Göethe’s Faust is a decidedly ambiguous figure
straddling the polarities of tragedy and comedy while storming through life
with impunity. He sates his lust, acquisitiveness, hunger for power,
knowledge and passion – through rape, murder, and piracy. He burns the home
of an elderly couple because they refused to sell it to him. He is
hedonistic, repugnant, amoral, and unrepentant.
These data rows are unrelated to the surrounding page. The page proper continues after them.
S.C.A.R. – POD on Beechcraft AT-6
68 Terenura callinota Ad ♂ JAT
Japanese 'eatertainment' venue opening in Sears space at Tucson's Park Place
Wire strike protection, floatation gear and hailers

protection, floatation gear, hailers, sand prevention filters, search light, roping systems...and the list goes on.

In his vilest act he
destroys Gretchen, the 14 year-old virgin whom he seduced and impregnated.
Then, in a conclusion reviled by some and praised by others, Faust is saved,
redeemed even, by his victim Gretchen.
The comparison of Tillich to Göethe’s Faust, which May
suggests originated with Tillich himself, is tepid in May’s hands:
Paulus had an identification with Faust that deeply
involved his emotions. Both were devoted to power of knowledge. Both
were giants. … Both experienced a great deal of sensuality along the
way, we have seen this in Paulus’ life, and his guilt about it. He often
acted, indeed, as though he had sold his soul to Mephistopheles, a guilt
he consciously admitted. In such avowals, I suggest, his logic came to
the rescue and protection of his undeveloped emotional involvement (May
80-81).
May fails to acknowledge Faust’s complexity and
ambiguity. He ignores Faust’s (and Tillich’s) depravity and
self-centeredness. Nonetheless, by invoking Faust, May provides the reader
with an opportunity to know Tillich beyond May’s construct.
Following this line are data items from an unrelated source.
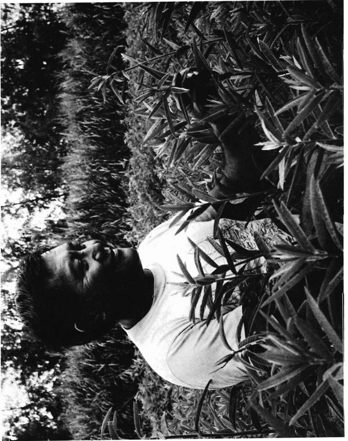
Figure 1. 'Tropic Sun' sunn hemp at 50 days of age.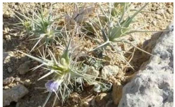
'Eyelash Plant' Blepharis ciliaris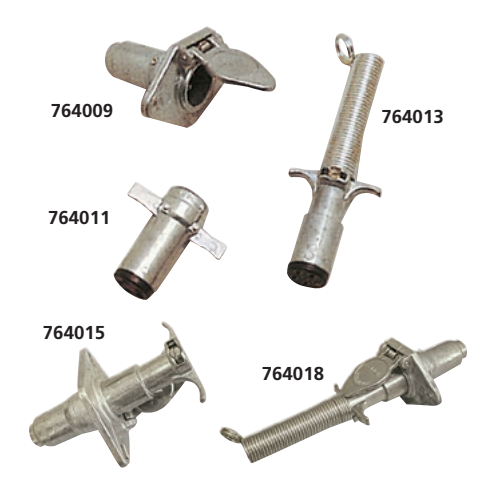
6-Pole Trailer Connectors (Heavy-Duty)

764074 Flexible rubber boot provides weather-proof protection at rear of 6-pole socket. Fits 764009 .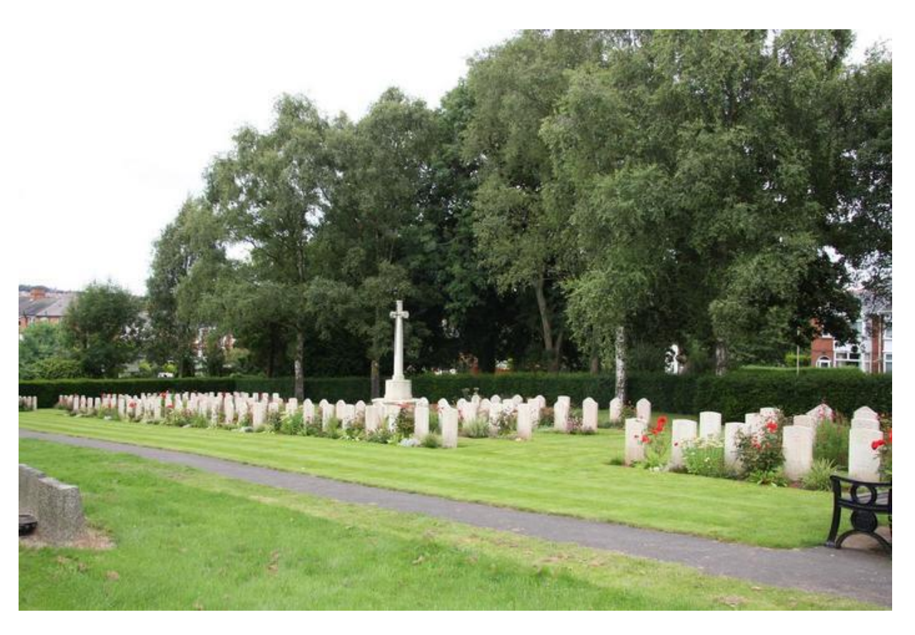
Exeter Higher Cemetery showing Cross of Sacrifice & World War 2 War Graves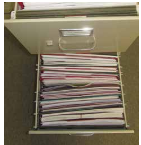
Application files - organized and ready

to the very last step: the lottery. The lottery is not public, but it is witnessed by an outside agency, usually a representative from the Town's Affordable Housing Committee. The lottery is set up to give preference to families that will "fill the house." Towns are also allowed to designate that 70% of houses built give resident preference. The most joyful part of the entire process comes at the very, very end: we send a small group—on some pretense—to the applicant's home to see them again. Only when they open the door to smiling faces bearing a gift, do they realize that they have been chosen to partner with us and are about to embark on an amazing homeownership journey.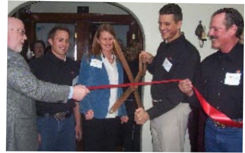
Sun-E Concepts 02/22/08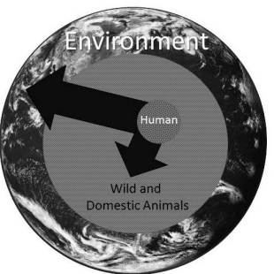
e) Concentric circles

Tillich’s compulsive quests for knowledge, perfection
in thought, and intimacy with women (whatever that actually entailed)
damaged and hurt others. He neglected his children, acquired and abandoned
women, and caused his wife pain. Tillich was often wracked by guilt about
his erotic life (as reflected in letters Tillich wrote to certain women) and
questioned whether it was ultimately a failure. He emerges, like Faust after
his compact with Mephistopheles, as unrestrained in his appetites, craving
experience, knowledge, perfection in thought, and intimacy generally and
with women particularly. Tillich is a man capable of great love and great
anger, stirred by tragedy and the depths of the “abyss,” and eager to cavort
upon the heights of ecstatic reason grasped by ultimate concern. He
traverses the polarities of chaos and cosmos, perpetual angst and
adjustment, dynamic peace and a tormented spirit, sensuality and sexuality,
tenderness and sadism, ecstasy and depression, secrecy and openness, logic
and emotions, anxiety and courage, good and evil, etc. Like Faust, Tillich’s
adult life is a tragic “quest to be saved by Gretchen, as Göethe puts it, or
by ‘the mothers’” (Göethe 57). Or, as May concludes, by his mother.
Tillich’s life, as presented by May, consists of
innumerable polarities that both exhaust Tillich and bring ecstasy. By some
reckonings, Faust spends his life exploring and exhausting polar opposites
that are never resolved. It is not surprising that polarities are the
foundation of Tillich’s Systematic Theology. It is surprising that
the psychologist May does not explore whether the polarities at the
foundation of Tillich’s life and work, which he clearly presents, are not
also profoundly part of Tillich’s constitution, as some form of bi-polar
illness. Possibly Tillich’s plunges into the abyss, and ascents to ecstasy,
were more than intellectually or situationally determined.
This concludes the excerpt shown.